Il résulte de la combinaison de ces textes que le registre doit être mis à jour et que la non-production d’une copie actualisée, permettant un contrôle de l’effectivité de l’exercice des droits reconnus à l’étranger au cours de la mesure de rétention, constitue une fin de non-recevoir. Celle-ci doit être accueillie sans que celui qui l’invoque ait à justifier d’un grief dès lors que le juge ne peut s’assurer que l’étranger a été en mesure d’exercer les droits qui lui sont reconnus par les articles L. 744-4 et suivants du CESEDA.

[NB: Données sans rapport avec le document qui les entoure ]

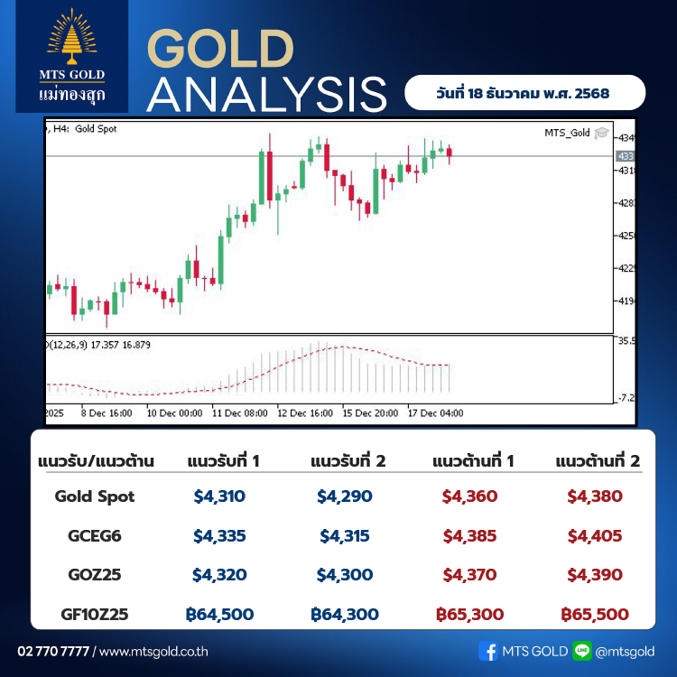 ในเชิงเทคนิค ราคาทองคำยังคงรักษาแนวโน้มหลักเป็นขาขึ้น โดยในระยะสั้นนี้มีการเคลื่อนไหวในลักษณะ "Sideway Up" แต่นักลงทุนควรเฝ้าระวังและบริหารจัดการความเสี่ยง เนื่องจากมีความผันผวนสูง และอาจมีแรงขายทำกำไรในระยะสั้น โดยภาพรวมยังมองว่าเป็นโอกาสในการย่อซื้อ ประเมินกรอบระยะสั้น แนวรับที่ 4,310-4,290 เหรียญ และแนวต้านที่ 4,360-4,380 เหรียญ ขณะที่ทองไทยจะมีแนวรับที่ 64,100 บาท และแนวต้านที่ 64,900 บาท

Le paragraphe IV de l’annexe de l’arrêté du 6 mars 2018 portant autorisation du registre de rétention et d’un traitement automatisé de données à caractère personnel dénommé «logiciel de gestion individualisée des centres de rétention administrative» (LOGICRA) prévoit notamment que sont enregistrées dans les traitements au titre des données à caractère personnel concernant la fin de la rétention et l’éloignement les informations suivantes :
1° Demande de laissez-passer consulaire, consulat saisi, date de la demande d’identification ou de présentation consulaire, type de présentation, motif de non-présentation, date de I’entretien, moyen de transport utilisé, résultat de I’entretien, délivrance du laissez-passer consulaire, date de délivrance, date et fin de validité du laissez-passer consulaire;
2° Réservation du moyen de transport national et international: date prévisionnelle de départ, moyen de transport utilisé, pays de destination, demande de routing, escorte;
3° Fin de la rétention: date et motif de la fin de rétention.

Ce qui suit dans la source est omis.